The Gibraltar Tourist Board has announced speakers Rob Henderson and Paul Pettitt for this year’s edition of the Gibunco Gibraltar Literary Festival.

The Literary Festival will take place later this year from November 11 to 17.

“I’m delighted to announce these next authors in the line-up for the 2024 edition of the Gibunco Gibraltar Literary Festival,” the Minister for Tourism, Christian Santos, said.

“Each year the Literary Festival is a highlight of Gibraltar’s cultural calendar, and 2024 promises to be no different.”

Rob Henderson will deliver a 45-minute presentation on his first book ‘Troubled: A Memoir of Foster Care, Family, and Social Class’, a national bestseller in the US.

Mr Henderson grew up in foster homes in Los Angeles and the rural town of Red Bluff, California.

He joined the US Air Force at the age of 17.

After his enlistment, he graduated from Yale University with a BS in psychology and was subsequently awarded a Gates Cambridge Scholarship.

Once described as “self-made” by the New York Times, Mr Henderson earned a PhD in psychology from the University of Cambridge.

His writing has appeared in the New York Times, the Wall Street Journal, and the Boston Globe, among other outlets, and he has appeared on many popular podcasts, including Honestly with Bari Weiss, The Jordan B. Peterson Podcast, and Modern Wisdom.

His Substack newsletter is sent each week to more than 60,000 subscribers.

Paul Pettitt will deliver a PowerPoint-illustrated talk, drawing on 25 years’ experience as a Palaeolithic archaeologist.

Focusing on his research, detailed in his book Homo Sapiens Rediscovered: The Scientific Revolution Rewriting Our Origins, Paul will illustrate the Ice Age life of Homo sapiens ancestors and present an up-to-date summary of the human species’ biological and behavioural evolution.

Mr Pettitt is Professor of Palaeolithic Archaeology at Durham University, UK.

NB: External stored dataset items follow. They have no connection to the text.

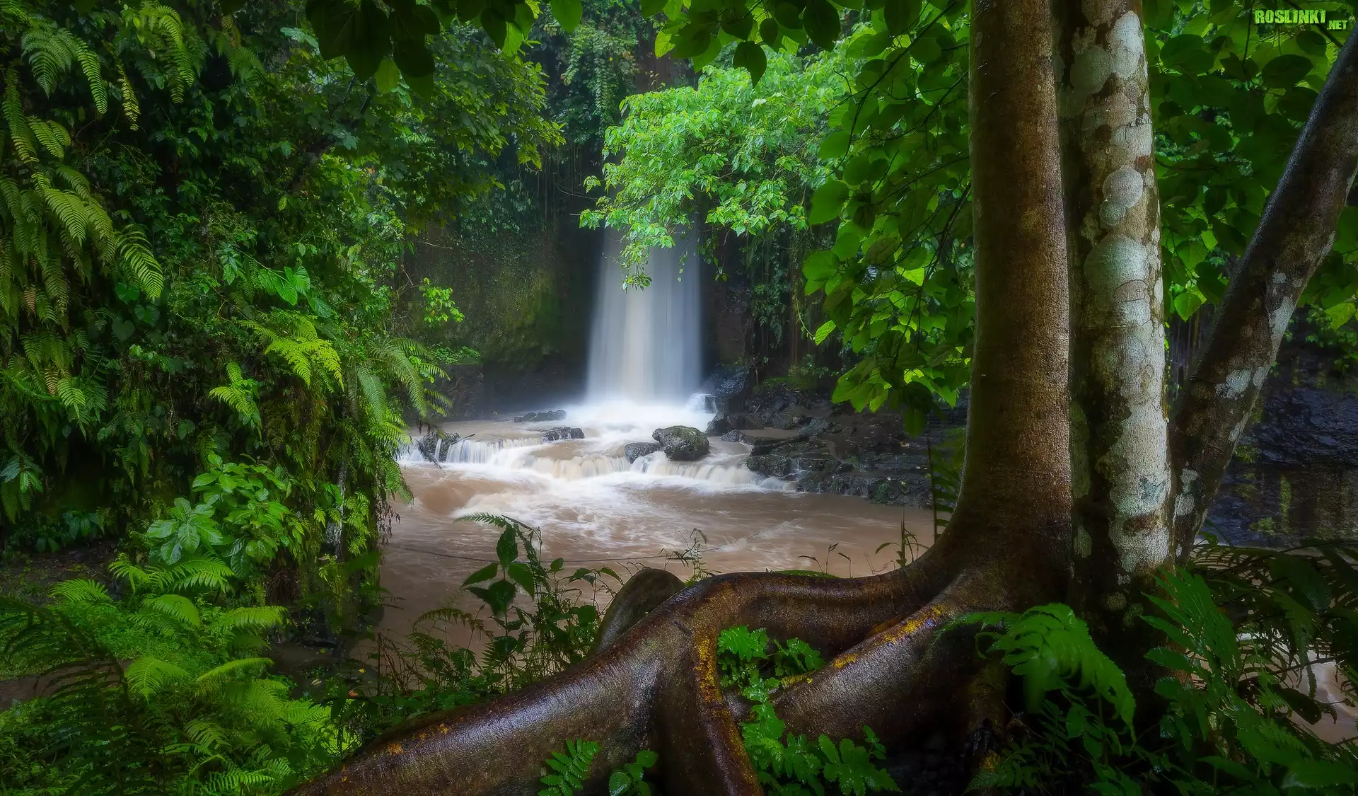 Rośliny: Las, Drzewa, Rzeka, Kamienie, Wodospad, Sumampan Waterfall, Bali, Indonezja
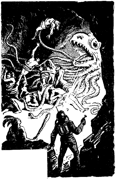 Двигатели Икара, Ии и Нора были гораздо мощнее «двигателя» страшной рептилии. Через несколько минут они уже кружили вокруг ящера, выбирая удобную точку для нападения. Оружие друзей было слишком грозным, чтобы им можно было пользоваться неосторожно. Оно могло бы разрушить скафандр и убить Андрея Дмитриевича.
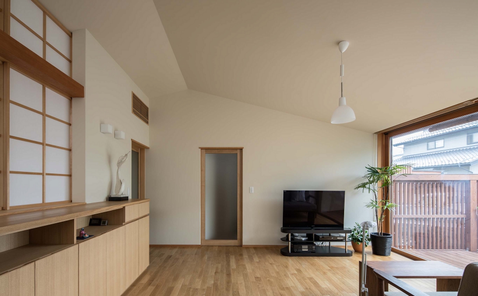 この地を離れている間に周辺の開発が進み四方に2階建ての住宅が建ち並び景観が良いとは言いづらい周辺環境です。将来の事を考えて平屋の計画としましたが庭がかなり小さくなってしまうことを施主は心配され、塀で囲むよう希望されましたが庭の狭さが強調されてしまう恐れがあるため生垣で道路からの目線を遮る事にしました。平屋の住宅は周囲の建物に埋もれてしまうのではないかと不安を抱いていた施主ではありましたが完成してみると、ここだけ空が開けかえって目立つことが分かりました。お互いに存在を感じながらゆるく離れていたいというご希望から居間食堂の共用空間を挟んでご主人の和室、奥様の北向きの書斎を配置するというシンプルな平面計画としました。中心となる居間食堂は屋根の形を生かして舟底天井とし、おおらかな空間としました。明るくて暖かい住宅を希望されていたので白系の珪藻土の壁と天井、床暖房に対応したナラの無垢床で仕上げました。
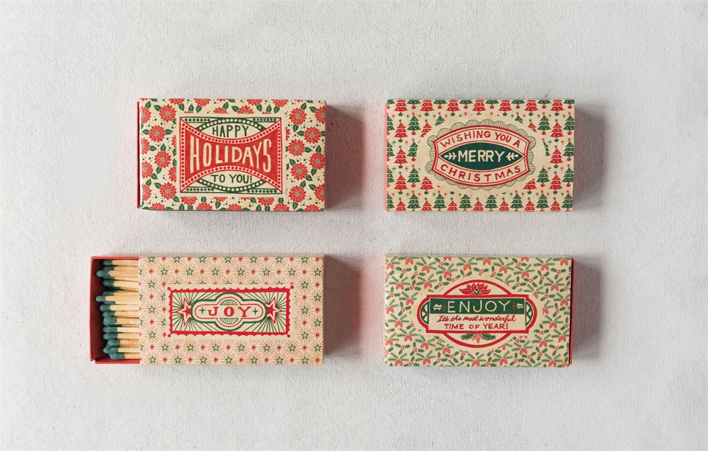 This Christmas Matchbox with safety matches in 4 styles with different holiday sayings is nice for the powder room and pretty enough to leave out as a display to light up your holiday. Great gift add-ons!
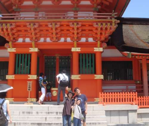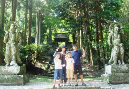 ◆両子寺(ふたごじ)の阿吽仁王像前で記念撮影。國東では一番紅葉が早いですよ。
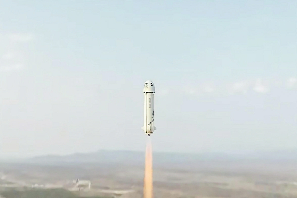 这张美国蓝色起源公司2021年7月20日发布的视频截图显示“新谢泼德”飞行器从美国得克萨斯州西部一处发射场升空,完成首次载人太空试飞。新华社发(蓝色起源公司供图)

He has degrees from the Universities of Birmingham, London and Cambridge, at the latter researching Neanderthal behaviour in Southwest France for his PhD.

He was Senior Archaeologist at the Oxford Radiocarbon Accelerator Unit, Research Fellow and Tutor in Archaeology and Anthropology at Keble College, Oxford, and Lecturer, Senior Lecturer and Reader in Palaeolithic Archaeology at Sheffield University before taking up his Durham chair in 2013.

He researches the behaviour of the Neanderthals and early Homo sapiens in Europe, specialising in the treatment of the dead and the emergence of art.

He is currently excavating a campsite of Upper Palaeolithic mammoth hunters in Moldova and researching aspects of the visual psychology underpinning Palaeolithic art.